Go to the line with "Tanguys vier Zeichnungen" in the material below and copy from there through the line with "Take an exceptional", exactly. Pictures are not copied.

> **INFORMATION GIVEN**
§

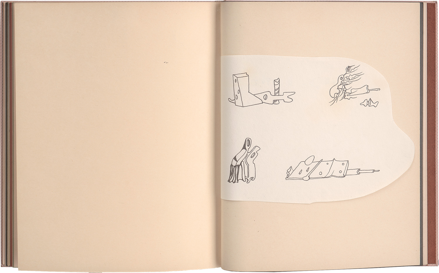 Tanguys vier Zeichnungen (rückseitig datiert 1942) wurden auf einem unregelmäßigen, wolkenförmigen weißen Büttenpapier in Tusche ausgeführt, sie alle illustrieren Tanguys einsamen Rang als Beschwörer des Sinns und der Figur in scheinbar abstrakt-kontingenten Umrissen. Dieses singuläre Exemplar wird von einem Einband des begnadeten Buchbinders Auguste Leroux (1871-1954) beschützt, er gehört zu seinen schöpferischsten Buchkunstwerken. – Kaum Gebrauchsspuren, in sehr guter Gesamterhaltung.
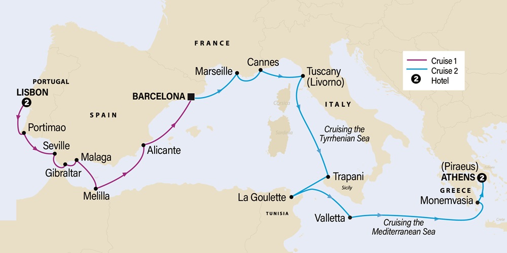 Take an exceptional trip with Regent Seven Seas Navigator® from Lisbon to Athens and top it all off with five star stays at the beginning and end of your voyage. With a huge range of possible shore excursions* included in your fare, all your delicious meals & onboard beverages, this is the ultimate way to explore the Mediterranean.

§

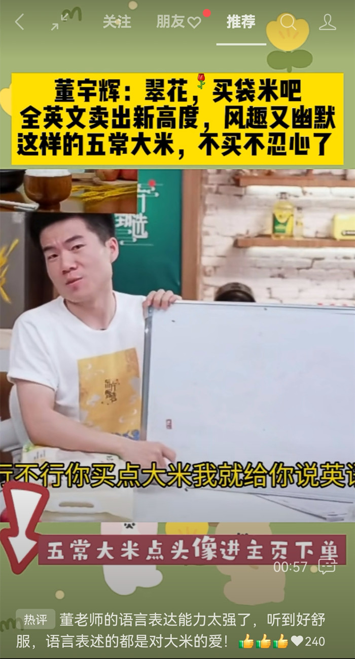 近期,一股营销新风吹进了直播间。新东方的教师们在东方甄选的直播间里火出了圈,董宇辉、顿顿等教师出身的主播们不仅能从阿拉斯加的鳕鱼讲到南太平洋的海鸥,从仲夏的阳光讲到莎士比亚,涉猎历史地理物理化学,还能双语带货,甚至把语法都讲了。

§

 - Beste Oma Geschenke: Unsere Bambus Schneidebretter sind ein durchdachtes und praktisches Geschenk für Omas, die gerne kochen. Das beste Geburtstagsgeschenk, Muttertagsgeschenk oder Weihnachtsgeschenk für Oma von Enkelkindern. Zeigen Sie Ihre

§

> **REPLY TO THE EXERCISE**
 Tanguys vier Zeichnungen (rückseitig datiert 1942) wurden auf einem unregelmäßigen, wolkenförmigen weißen Büttenpapier in Tusche ausgeführt, sie alle illustrieren Tanguys einsamen Rang als Beschwörer des Sinns und der Figur in scheinbar abstrakt-kontingenten Umrissen. Dieses singuläre Exemplar wird von einem Einband des begnadeten Buchbinders Auguste Leroux (1871-1954) beschützt, er gehört zu seinen schöpferischsten Buchkunstwerken. – Kaum Gebrauchsspuren, in sehr guter Gesamterhaltung.
 Take an exceptional trip with Regent Seven Seas Navigator® from Lisbon to Athens and top it all off with five star stays at the beginning and end of your voyage. With a huge range of possible shore excursions* included in your fare, all your delicious meals & onboard beverages, this is the ultimate way to explore the Mediterranean.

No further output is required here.